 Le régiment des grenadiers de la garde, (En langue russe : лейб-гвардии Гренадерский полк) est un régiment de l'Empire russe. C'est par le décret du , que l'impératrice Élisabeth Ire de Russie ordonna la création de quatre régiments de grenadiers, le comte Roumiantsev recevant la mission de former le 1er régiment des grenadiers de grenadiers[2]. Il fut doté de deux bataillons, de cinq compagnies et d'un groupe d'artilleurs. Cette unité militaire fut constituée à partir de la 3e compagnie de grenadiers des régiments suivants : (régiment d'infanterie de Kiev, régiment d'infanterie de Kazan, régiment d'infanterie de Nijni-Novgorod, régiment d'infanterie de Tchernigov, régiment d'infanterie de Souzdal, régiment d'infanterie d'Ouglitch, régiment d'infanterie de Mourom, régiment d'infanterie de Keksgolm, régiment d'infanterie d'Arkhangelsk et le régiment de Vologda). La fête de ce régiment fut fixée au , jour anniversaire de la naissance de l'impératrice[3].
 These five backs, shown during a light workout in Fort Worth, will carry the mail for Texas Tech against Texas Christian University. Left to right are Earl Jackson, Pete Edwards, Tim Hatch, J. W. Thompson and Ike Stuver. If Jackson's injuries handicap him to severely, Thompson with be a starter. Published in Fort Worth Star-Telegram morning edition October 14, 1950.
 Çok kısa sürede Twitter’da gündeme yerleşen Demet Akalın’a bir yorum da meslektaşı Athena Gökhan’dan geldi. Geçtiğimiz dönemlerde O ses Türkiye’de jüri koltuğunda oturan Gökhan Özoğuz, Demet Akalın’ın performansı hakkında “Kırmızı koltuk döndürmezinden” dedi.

---

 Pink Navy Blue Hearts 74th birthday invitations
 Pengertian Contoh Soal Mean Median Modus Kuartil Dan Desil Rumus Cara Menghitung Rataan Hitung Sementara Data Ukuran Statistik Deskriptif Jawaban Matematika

*What to produce*. Print the lines above from the one with "Pink Navy Blue" through the one with "Pengertian Contoh Soal", both included, exactly as written and nothing more.

*Result for this exercise*.
 Pink Navy Blue Hearts 74th birthday invitations
 Pengertian Contoh Soal Mean Median Modus Kuartil Dan Desil Rumus Cara Menghitung Rataan Hitung Sementara Data Ukuran Statistik Deskriptif Jawaban Matematika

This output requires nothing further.